Yes, Karen, I know. The adjustments I talked about in my last post ought to bring the boseband up higher on the face.
I just put the halter on Pan for a minute to get the pics, to give you guys an idea of what it was. It's still raining outside so pan was in no mood to sit still so I could adjust the fit LOL.
I'll get better pics later.


----------



## sweetgoats (Oct 18, 2007)

I get mine at caprine spuuly.

They have the Extra small halters, they work on my Cashmere that are only about 6 months old, so they have them that small to Large.

They are GREAT.

http://www.caprinesupply.com/nylon-halter.html

Also, no i never ever leave them on the goats, they are only for walking and showing.
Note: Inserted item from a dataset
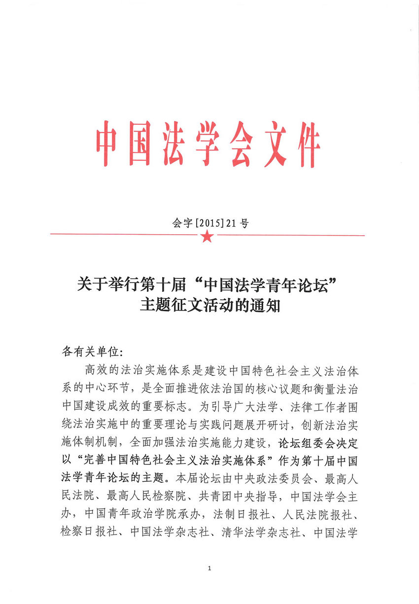 關(guān)于舉行第十屆“中國(guó)法學(xué)青年論壇”主題征文活動(dòng)的通知(word版)(點(diǎn)擊下載)

No they HATE them at first but they get use to them pretty fast.


----------



## Zarafia (Mar 25, 2012)

Heres a couple pics od the halter adjusted to fit better.


----------



## sweetgoats (Oct 18, 2007)

It should he at the top of his head behind his ears, he will like it a lot better there


----------



## Zarafia (Mar 25, 2012)

sweetgoats said:


> It should he at the top of his head behind his ears, he will like it a lot better there


Thanks! Will do .


----------



## craftEcowgirl (Oct 4, 2013)

So, I should be able to use halter on young goats? What about ages 2-3 months old?


----------



## sweetgoats (Oct 18, 2007)

I put my babies in halters. I shoe when at two months in a halter but that is Cashmere. Not all breeds show in halters.


----------